◆ Problem to work on:
In the listing below, the lines starting at the line with "ਪੰਜਾਬ ਰਾਜ ਦੇ" and ending at the line with "Vadtal Dham - Nirnay" are to be output verbatim. Images stay out of the copy.

**** Supplied records

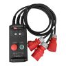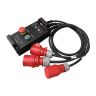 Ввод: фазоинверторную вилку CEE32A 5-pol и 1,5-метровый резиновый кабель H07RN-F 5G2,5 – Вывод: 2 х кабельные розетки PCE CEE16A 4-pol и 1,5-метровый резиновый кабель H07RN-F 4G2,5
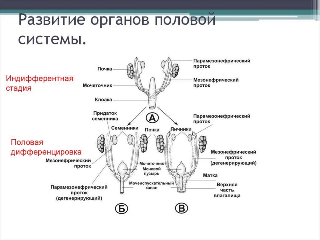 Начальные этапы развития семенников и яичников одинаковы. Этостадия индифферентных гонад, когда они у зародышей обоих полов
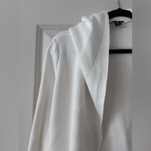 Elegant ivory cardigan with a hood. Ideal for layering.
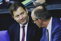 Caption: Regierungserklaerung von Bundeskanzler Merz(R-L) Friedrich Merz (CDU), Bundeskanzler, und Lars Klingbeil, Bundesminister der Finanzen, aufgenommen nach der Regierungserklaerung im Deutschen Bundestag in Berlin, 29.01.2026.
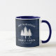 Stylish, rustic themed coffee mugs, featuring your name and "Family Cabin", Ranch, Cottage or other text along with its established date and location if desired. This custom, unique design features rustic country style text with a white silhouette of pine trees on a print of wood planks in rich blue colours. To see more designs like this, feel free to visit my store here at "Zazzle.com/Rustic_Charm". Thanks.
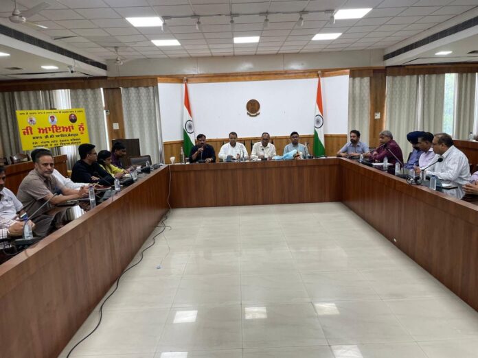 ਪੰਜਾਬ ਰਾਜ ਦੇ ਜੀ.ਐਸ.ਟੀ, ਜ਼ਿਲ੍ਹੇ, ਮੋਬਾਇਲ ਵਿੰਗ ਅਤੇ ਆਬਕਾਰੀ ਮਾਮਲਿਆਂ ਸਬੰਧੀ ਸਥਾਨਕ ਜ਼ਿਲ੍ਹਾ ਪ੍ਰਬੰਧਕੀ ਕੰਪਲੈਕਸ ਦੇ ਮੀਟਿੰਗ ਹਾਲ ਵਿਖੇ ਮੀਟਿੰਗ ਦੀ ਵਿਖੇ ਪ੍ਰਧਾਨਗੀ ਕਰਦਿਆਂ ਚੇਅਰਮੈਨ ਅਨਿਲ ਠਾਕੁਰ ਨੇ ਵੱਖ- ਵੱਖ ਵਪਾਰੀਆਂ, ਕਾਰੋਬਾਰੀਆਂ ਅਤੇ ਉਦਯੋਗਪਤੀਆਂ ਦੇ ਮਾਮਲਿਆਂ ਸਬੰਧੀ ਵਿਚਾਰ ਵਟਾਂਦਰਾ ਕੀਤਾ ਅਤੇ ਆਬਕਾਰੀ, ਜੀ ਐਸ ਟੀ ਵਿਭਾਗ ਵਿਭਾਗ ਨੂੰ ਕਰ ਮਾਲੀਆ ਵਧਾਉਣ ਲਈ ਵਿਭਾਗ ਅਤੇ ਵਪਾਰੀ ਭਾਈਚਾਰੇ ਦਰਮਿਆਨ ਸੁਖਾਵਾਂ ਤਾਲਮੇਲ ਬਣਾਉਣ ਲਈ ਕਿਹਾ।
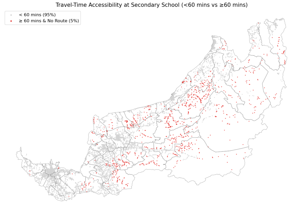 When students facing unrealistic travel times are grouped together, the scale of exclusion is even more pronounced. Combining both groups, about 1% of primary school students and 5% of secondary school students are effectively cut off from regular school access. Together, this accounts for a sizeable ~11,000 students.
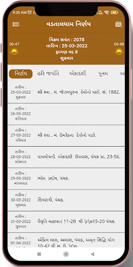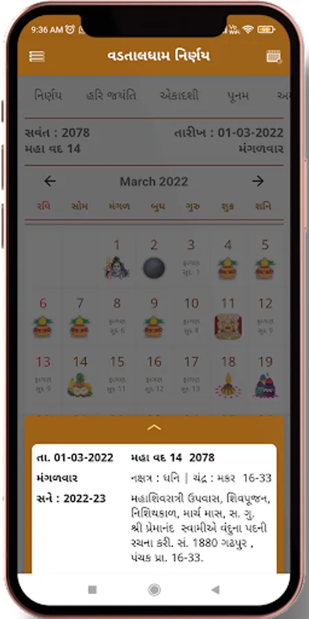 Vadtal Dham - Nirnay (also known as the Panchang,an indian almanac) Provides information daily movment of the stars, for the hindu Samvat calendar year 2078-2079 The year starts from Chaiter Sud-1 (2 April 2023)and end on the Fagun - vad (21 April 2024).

********
**** Supplied records

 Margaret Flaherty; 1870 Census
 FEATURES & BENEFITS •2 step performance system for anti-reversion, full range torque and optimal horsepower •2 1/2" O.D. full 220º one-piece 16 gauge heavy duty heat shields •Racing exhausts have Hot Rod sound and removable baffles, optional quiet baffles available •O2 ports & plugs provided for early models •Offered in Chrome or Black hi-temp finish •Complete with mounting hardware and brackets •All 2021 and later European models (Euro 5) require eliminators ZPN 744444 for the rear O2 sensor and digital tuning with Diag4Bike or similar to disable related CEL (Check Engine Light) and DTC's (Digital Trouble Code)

********
**** Supplied records

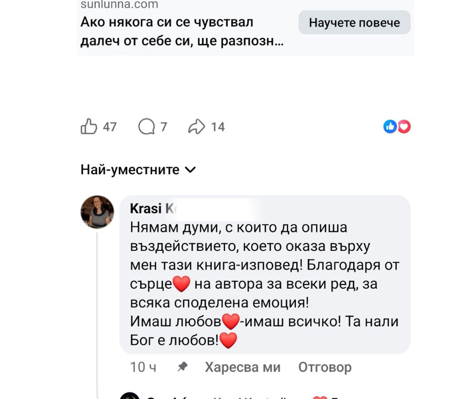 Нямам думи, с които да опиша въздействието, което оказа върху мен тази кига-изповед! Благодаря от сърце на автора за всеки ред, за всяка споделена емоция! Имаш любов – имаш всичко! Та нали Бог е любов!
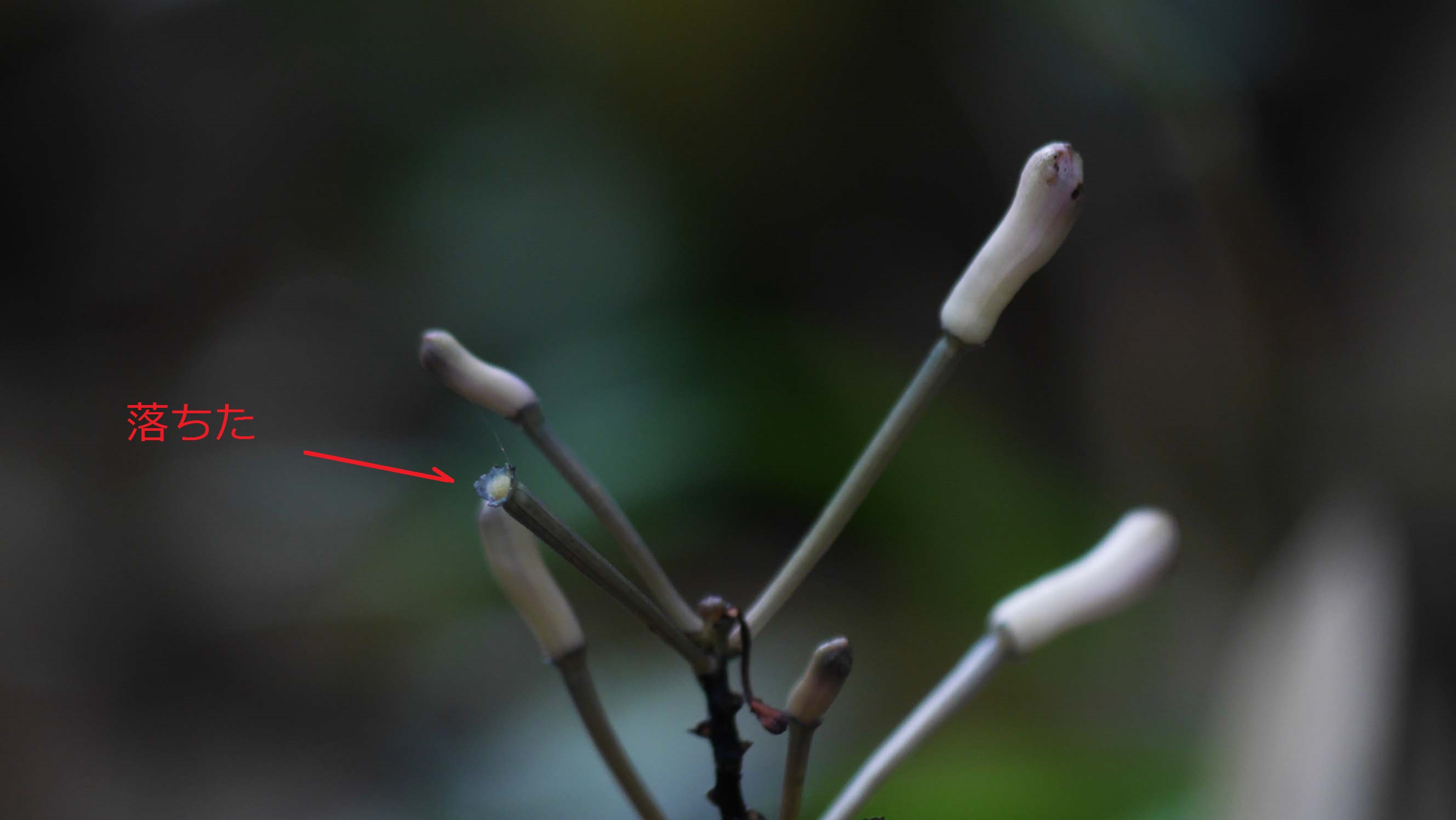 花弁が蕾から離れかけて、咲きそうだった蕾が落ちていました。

********

◆ Solution for this exercise:
 ਪੰਜਾਬ ਰਾਜ ਦੇ ਜੀ.ਐਸ.ਟੀ, ਜ਼ਿਲ੍ਹੇ, ਮੋਬਾਇਲ ਵਿੰਗ ਅਤੇ ਆਬਕਾਰੀ ਮਾਮਲਿਆਂ ਸਬੰਧੀ ਸਥਾਨਕ ਜ਼ਿਲ੍ਹਾ ਪ੍ਰਬੰਧਕੀ ਕੰਪਲੈਕਸ ਦੇ ਮੀਟਿੰਗ ਹਾਲ ਵਿਖੇ ਮੀਟਿੰਗ ਦੀ ਵਿਖੇ ਪ੍ਰਧਾਨਗੀ ਕਰਦਿਆਂ ਚੇਅਰਮੈਨ ਅਨਿਲ ਠਾਕੁਰ ਨੇ ਵੱਖ- ਵੱਖ ਵਪਾਰੀਆਂ, ਕਾਰੋਬਾਰੀਆਂ ਅਤੇ ਉਦਯੋਗਪਤੀਆਂ ਦੇ ਮਾਮਲਿਆਂ ਸਬੰਧੀ ਵਿਚਾਰ ਵਟਾਂਦਰਾ ਕੀਤਾ ਅਤੇ ਆਬਕਾਰੀ, ਜੀ ਐਸ ਟੀ ਵਿਭਾਗ ਵਿਭਾਗ ਨੂੰ ਕਰ ਮਾਲੀਆ ਵਧਾਉਣ ਲਈ ਵਿਭਾਗ ਅਤੇ ਵਪਾਰੀ ਭਾਈਚਾਰੇ ਦਰਮਿਆਨ ਸੁਖਾਵਾਂ ਤਾਲਮੇਲ ਬਣਾਉਣ ਲਈ ਕਿਹਾ।
 When students facing unrealistic travel times are grouped together, the scale of exclusion is even more pronounced. Combining both groups, about 1% of primary school students and 5% of secondary school students are effectively cut off from regular school access. Together, this accounts for a sizeable ~11,000 students.
 Vadtal Dham - Nirnay (also known as the Panchang,an indian almanac) Provides information daily movment of the stars, for the hindu Samvat calendar year 2078-2079 The year starts from Chaiter Sud-1 (2 April 2023)and end on the Fagun - vad (21 April 2024).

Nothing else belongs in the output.